Thanks for the comment, Gabriel. Your description models a scenario where you pick the first person at random and say that is an american, you are then forced to pick all the a’s before picking up all the m’s. In this case, yes, the probability that you pick an a first is a/(a+m). But this is not the model of the puzzle. Here the conditional event is determined as follows: you have two groups (of potentially disparate size) a and m. pick one group. In this case the probability is half. To convince yourself, take a situation where you have 1 a and 2m. The only possible equally likely choices are a-m1-m2 ; a-m2-m1 ; m1-m2-a ; m2-m1-a. As you can see, there are exactly 2 choices each with one of the m’s last as m’s first.

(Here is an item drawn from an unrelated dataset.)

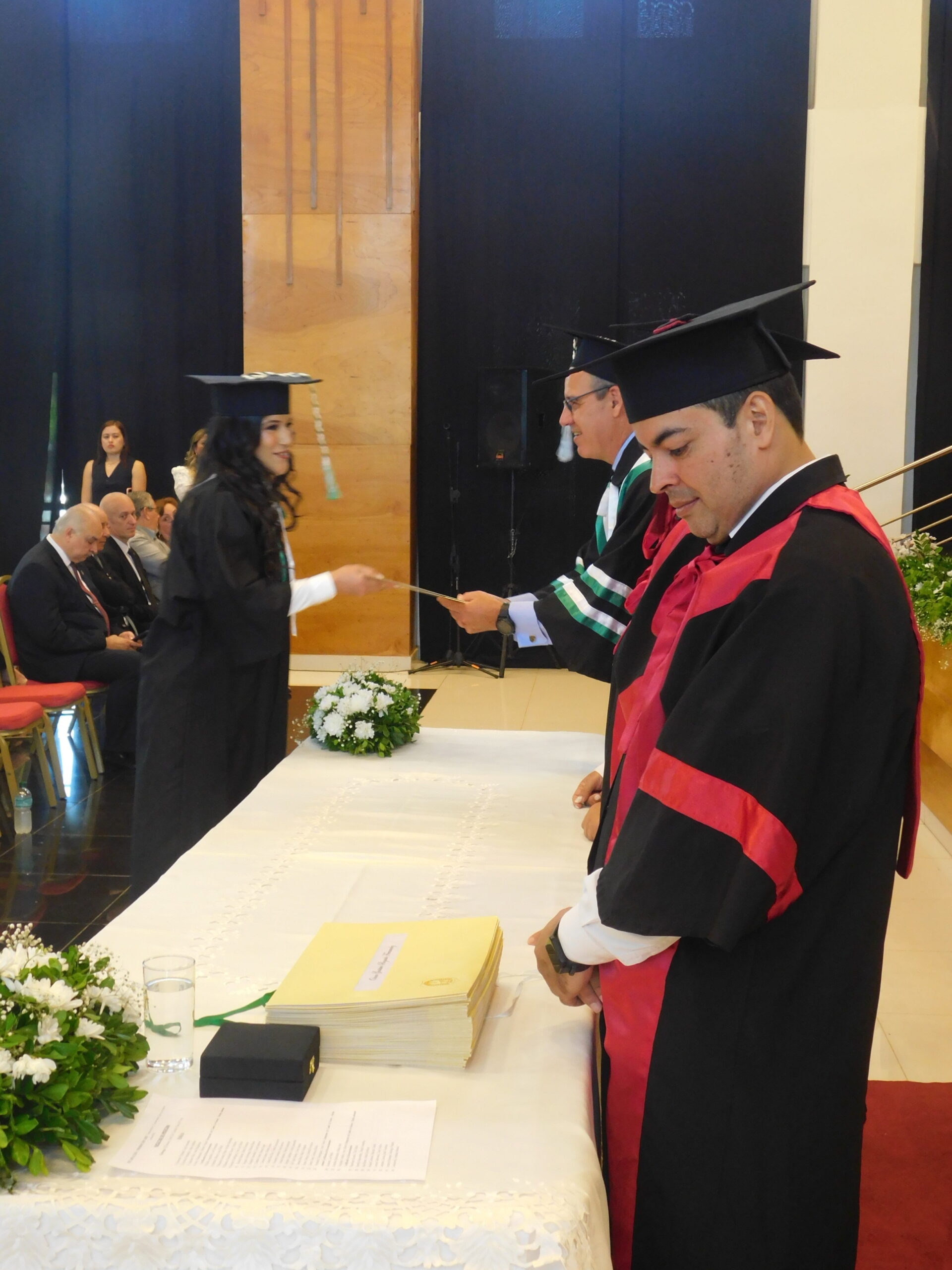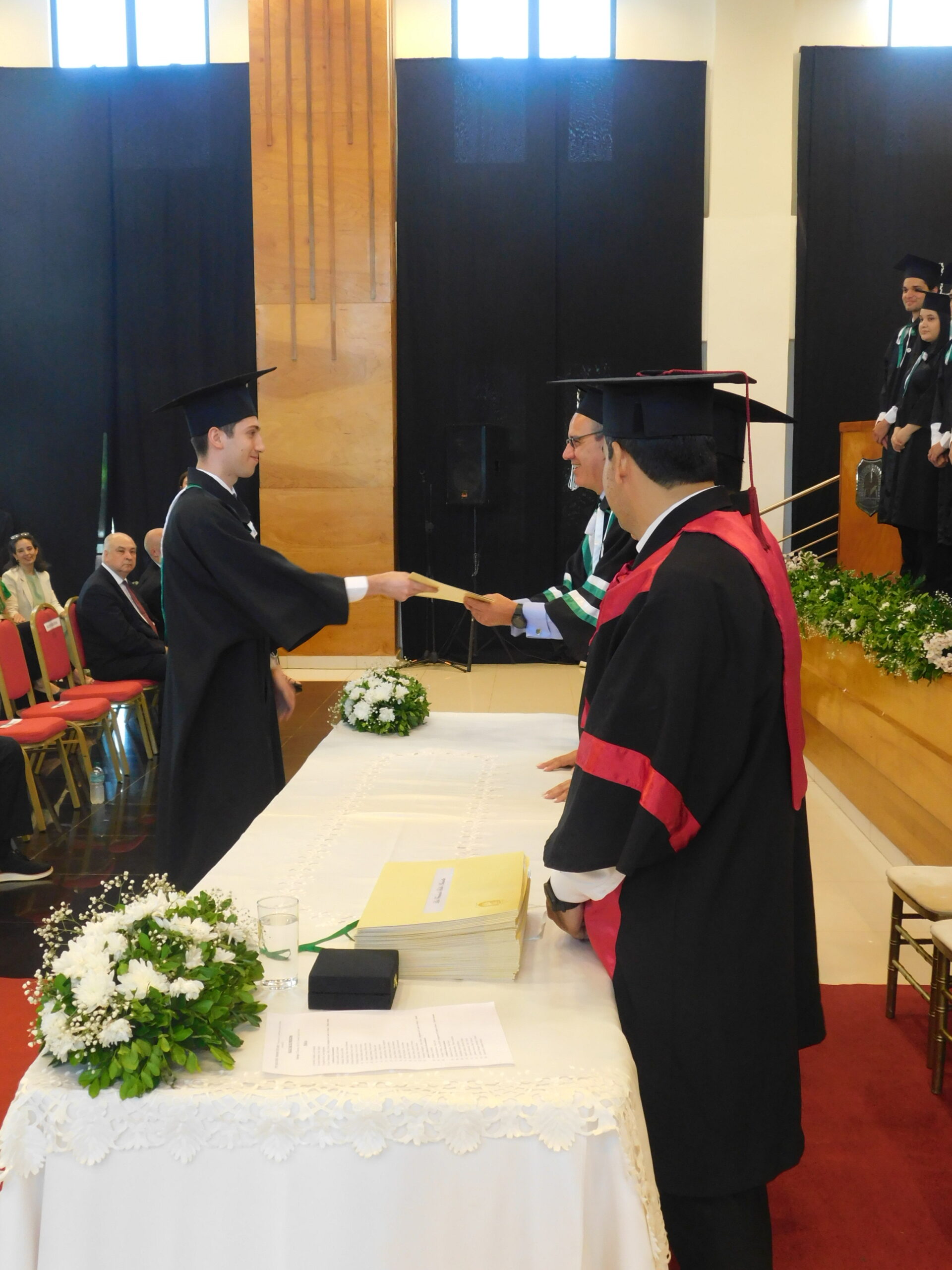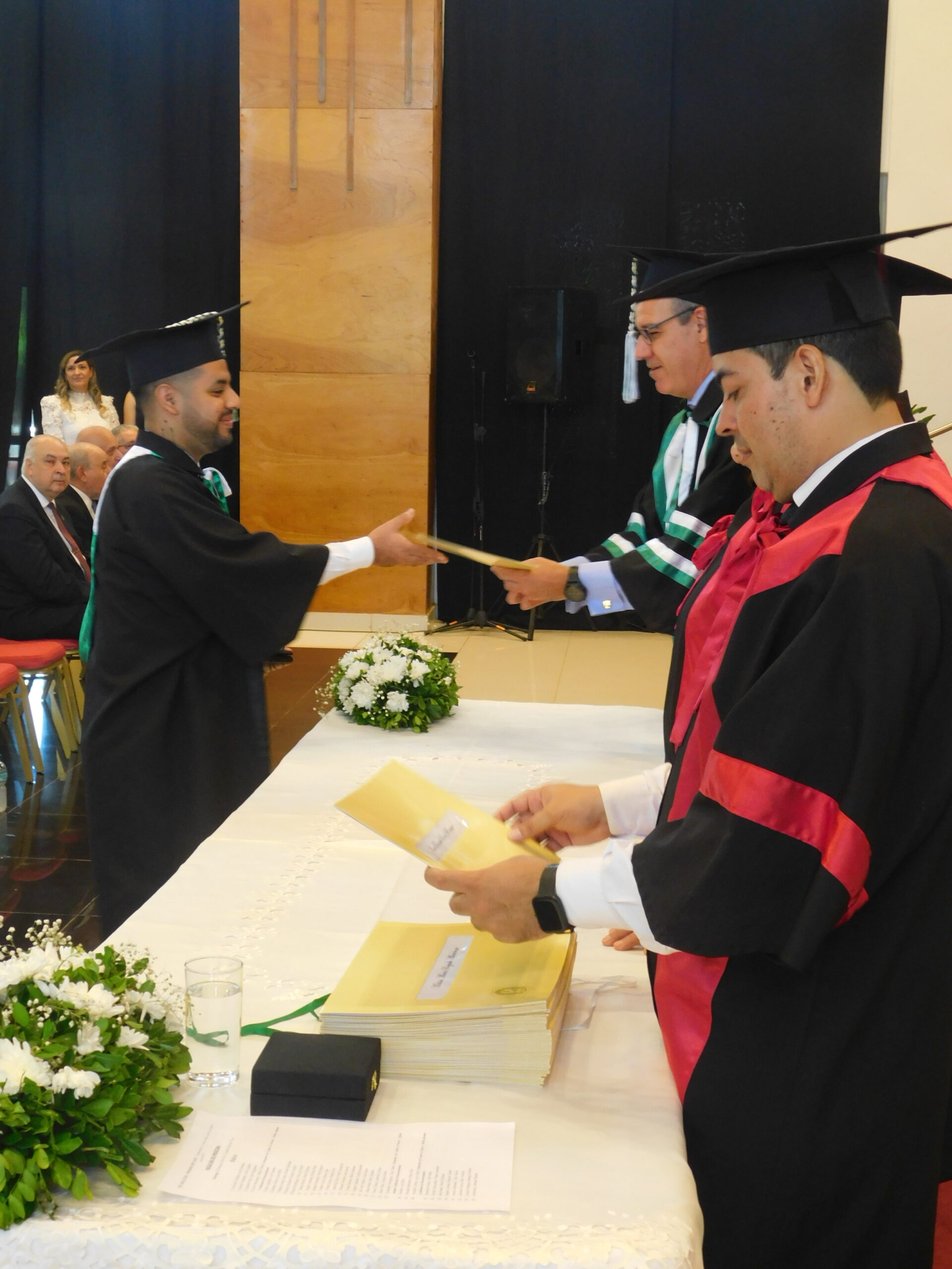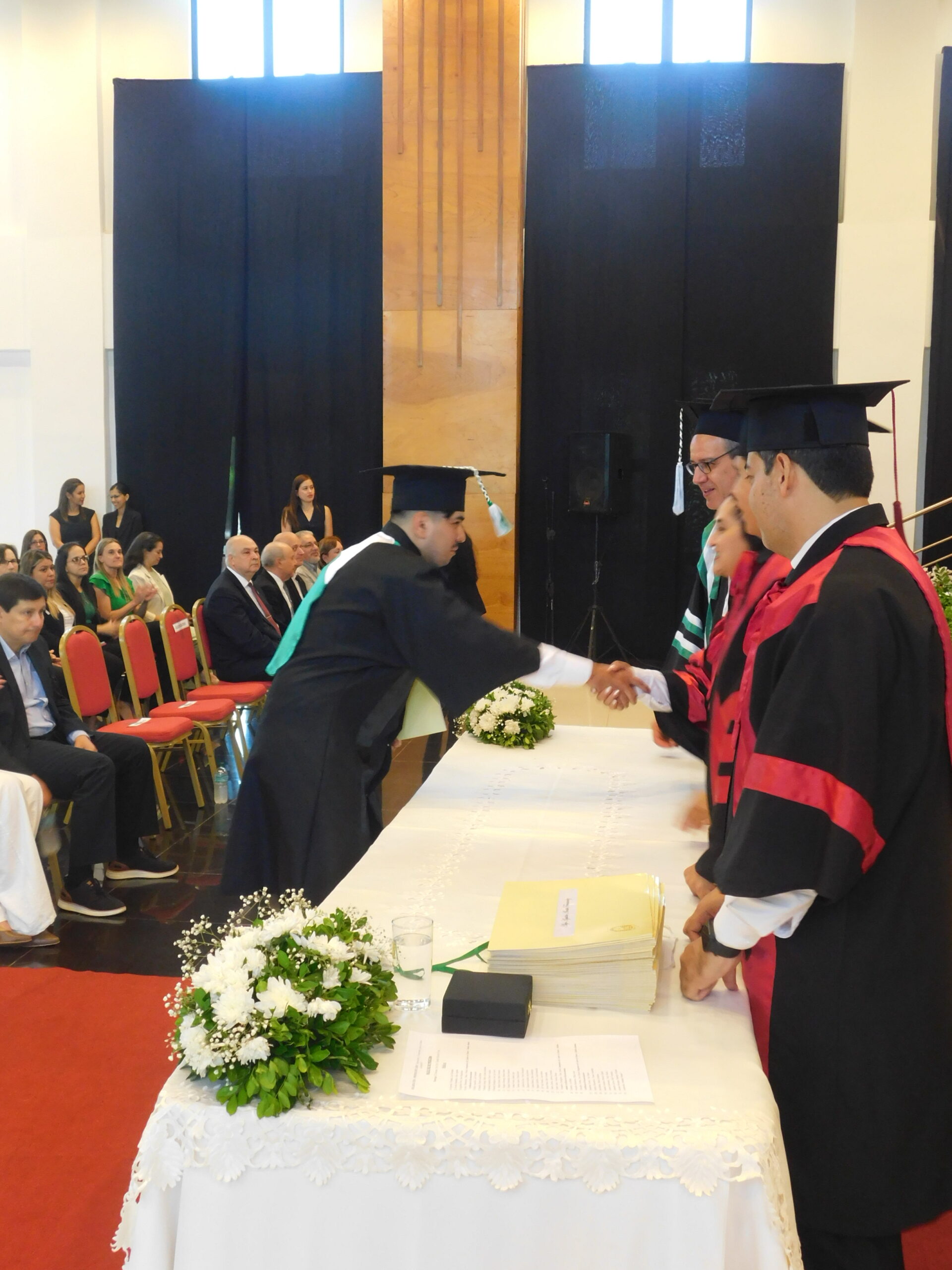La ceremonia fue presidida por el Magnífico Rector de la UNI, Prof. Dr. Hermenegildo Cohene Velázquez, acompañado por la Vicerrectora, Prof. Dra. Nelly Monges de Insfrán. Asimismo, estuvieron presentes miembros del Consejo Superior Universitario, representantes de los Consejos Directivos de las distintas facultades, el Dr. Claudio Díaz de Vivar, Decano de la Facultad de Medicina, así como autoridades académicas y administrativas de la institución.

in the case where you don’t re-scramble, the second case has a simple analytic form: 1 + 2ad/(a+d)
Thanks. That is an interesting result. Josh’s work can be seen here: https://joshmaxsilverman.github.io/2022-12-07-soccer-buses/
Sorry, but your proofs for part A are faulty. Let’s say there are 9 Americans and 1 Mexican. It’s obvious that the probability of the last shuttle carrying a Mexican is only 9/10, equal to the probability of the Mexican being picked last, and not 50%.
While all possible transfers involving 2 shuttles have an equal probability for the Mexican or the Americans going first, all transfers with 3 shuttles can only result in some Americans first – 1 Mexican – some Americans last. The last trip has to be with Americans. This disproves your assumption “And since any real sequence of fans and shuttles has to reach a point with two shuttles needed, there is equal probability that the last shuttle carries Americans as Mexicans”
The problem with your induction proof is that the induction hypothesis assumes the 50% probability being true for all values smaller or equal to a, m. But the case a +1, m – k is NOT covered by this assumption. Hence, the proof by induction is not valid.
Thanks for the comment, Wolfgang. It appears you might have misunderstood the question. Every time a shuttle leaves, the process re-starts with all the remaining fans. So it is entirely possible that two consecutive shuttles have Americans. So in the case where 3 shuttles are required, it is possible to have AMA, AAM, or MA. Perhaps re-reading the solution with this info will help. Alternatively you could try the simulation with the included code to convince yourself.
Re. Induction: if it is true for a,m (and all values a,m smaller than a,m) then it is shown to be true for a+1,m or a, m+1. So it is true for a+1,m-k where m is now just m-k.
Sorry, my fault. I had the wording of the Riddler version in mind where it’s not explicitly stated that a fan of a different nation is sent back to the bar, so i assumed he’d be the first on the next shuttle.